Knight Capital Group told some clients of its market-making unit that a “technical issue” was affecting its systems and advised them to route orders elsewhere as dozens of U.S. stocks swung more than 10% Wednesday.
Knight, which helps execute billions of dollars in equity transactions every day, said the issue was confined to market making and other operations were unaffected. Its stock plunged as much as 26% as investors speculated on its role in the incident, which spurred concern that computers had distorted trading for the second time in two weeks.
Goodyear Tire & Rubber Co. rose more than 10% just after the 9:30 a.m. EDT open in New York. Manitowoc Co. gained 14%, Pandora Media Inc. climbed almost 11% and Level 3 Communications Inc. plunged 15% before the swings narrowed minutes later, according to data compiled by Bloomberg.
“All of a sudden, there was choppy trading and some stocks were halted,” Arthur Hogan, a strategist at Lazard Capital Markets LLC, said in a telephone interview. “People were scratching their heads, but it wasn’t a sense of panic. It was more curious. There’s got to be some human error here.”
Special curbs adopted after the May 2010 equity crash helped calm Wednesday’s volatility.
“An initial review by Knight indicates that a technology issue occurred in the company’s market-making unit related to the routing of shares of approximately 150 stocks to the NYSE,” according to a Knight e-mail from spokeswoman Kara Fitzsimmons.
“Knight notified its market-making clients this morning to route listed orders away,” according to the statement. “The company’s OTC securities and trading in its other businesses are not affected. The company continues to review internally.”
Knight’s market-making business traded a daily average of $19.5 billion worth of equities in June with volume of 3.1 billion shares, according to the company’s website.
The New York Stock Exchange said it was reviewing trades in 148 securities between 9:30 a.m. and 10:15 a.m. EDT, according to a statement on its website.
“At this time, we believe NYSE systems and circuit breakers operated normally during this period, and we are working with all market participants on the issue,” NYSE said in an e-mailed statement.
“As is our practice, we are closely monitoring the situation and in continuous contact with the NYSE and other market participants,” Kevin Callahan, an SEC spokesman, said in an e-mail.
Investors in three of the biggest Dow stocks witnessed repeating fluctuations on July 19, fueling speculation the moves were a consequence of computerized trading.
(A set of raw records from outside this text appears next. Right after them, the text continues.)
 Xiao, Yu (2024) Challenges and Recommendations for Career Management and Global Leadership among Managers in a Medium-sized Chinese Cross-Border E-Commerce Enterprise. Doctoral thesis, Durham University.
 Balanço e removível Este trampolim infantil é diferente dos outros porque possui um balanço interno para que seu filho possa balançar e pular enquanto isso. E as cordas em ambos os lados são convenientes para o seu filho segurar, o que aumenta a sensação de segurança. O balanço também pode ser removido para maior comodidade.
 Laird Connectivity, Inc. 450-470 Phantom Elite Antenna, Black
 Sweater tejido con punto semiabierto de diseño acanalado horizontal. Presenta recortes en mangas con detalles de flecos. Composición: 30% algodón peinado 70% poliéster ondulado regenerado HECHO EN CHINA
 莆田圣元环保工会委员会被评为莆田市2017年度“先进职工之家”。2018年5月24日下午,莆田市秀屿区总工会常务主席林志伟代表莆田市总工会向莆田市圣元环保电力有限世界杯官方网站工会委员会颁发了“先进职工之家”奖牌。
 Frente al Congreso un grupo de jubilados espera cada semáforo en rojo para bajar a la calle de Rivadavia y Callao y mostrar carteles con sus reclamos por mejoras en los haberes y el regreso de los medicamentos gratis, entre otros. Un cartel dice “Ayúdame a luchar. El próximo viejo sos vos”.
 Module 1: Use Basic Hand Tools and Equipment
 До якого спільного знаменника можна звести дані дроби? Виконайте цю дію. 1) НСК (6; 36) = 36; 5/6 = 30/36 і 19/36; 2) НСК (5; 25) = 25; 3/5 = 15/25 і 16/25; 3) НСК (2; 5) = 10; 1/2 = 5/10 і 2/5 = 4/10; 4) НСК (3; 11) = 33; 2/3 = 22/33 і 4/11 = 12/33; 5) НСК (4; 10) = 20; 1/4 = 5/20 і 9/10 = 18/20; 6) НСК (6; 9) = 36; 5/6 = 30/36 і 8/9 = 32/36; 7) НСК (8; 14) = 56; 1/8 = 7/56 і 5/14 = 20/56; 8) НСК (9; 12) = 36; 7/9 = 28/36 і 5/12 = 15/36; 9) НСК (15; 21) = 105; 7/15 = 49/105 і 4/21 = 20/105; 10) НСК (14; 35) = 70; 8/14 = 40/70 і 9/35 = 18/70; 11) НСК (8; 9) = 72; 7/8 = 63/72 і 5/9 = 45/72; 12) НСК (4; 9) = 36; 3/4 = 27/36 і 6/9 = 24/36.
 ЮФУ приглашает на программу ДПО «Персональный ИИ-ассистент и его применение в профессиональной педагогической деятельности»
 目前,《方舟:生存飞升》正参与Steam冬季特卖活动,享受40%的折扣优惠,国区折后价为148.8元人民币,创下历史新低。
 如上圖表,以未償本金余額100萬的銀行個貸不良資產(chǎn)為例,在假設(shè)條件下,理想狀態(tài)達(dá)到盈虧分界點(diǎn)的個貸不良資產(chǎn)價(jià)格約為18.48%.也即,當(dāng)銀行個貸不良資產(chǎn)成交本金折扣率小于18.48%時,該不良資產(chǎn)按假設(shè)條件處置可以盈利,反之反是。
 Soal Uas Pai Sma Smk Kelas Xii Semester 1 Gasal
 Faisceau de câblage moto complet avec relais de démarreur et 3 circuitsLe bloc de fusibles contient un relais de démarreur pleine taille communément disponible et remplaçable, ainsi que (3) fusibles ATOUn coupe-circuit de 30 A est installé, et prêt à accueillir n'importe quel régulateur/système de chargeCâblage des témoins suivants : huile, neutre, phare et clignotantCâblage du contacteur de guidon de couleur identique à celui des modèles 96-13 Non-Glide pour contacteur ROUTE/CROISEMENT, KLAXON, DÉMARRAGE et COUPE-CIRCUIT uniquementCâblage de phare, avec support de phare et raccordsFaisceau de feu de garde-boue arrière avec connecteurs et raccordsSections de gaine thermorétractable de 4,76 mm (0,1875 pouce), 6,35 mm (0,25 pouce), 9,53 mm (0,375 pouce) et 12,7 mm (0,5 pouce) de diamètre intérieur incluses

Shares of International Business Machines Corp., McDonald’s Corp. and Coca-Cola Co. swung between successive lows and highs in intervals that began near the top and bottom of each hour.
Regulators have increased scrutiny of computerized strategies that rose to prominence in the U.S. after more than a decade of market structure reform. The SEC and Commodity Futures Trading Commission blamed a broker’s algorithm for setting into motion the events that caused the May 6, 2010, market crash that briefly erased $862 billion from U.S. equities in less than 20 minutes.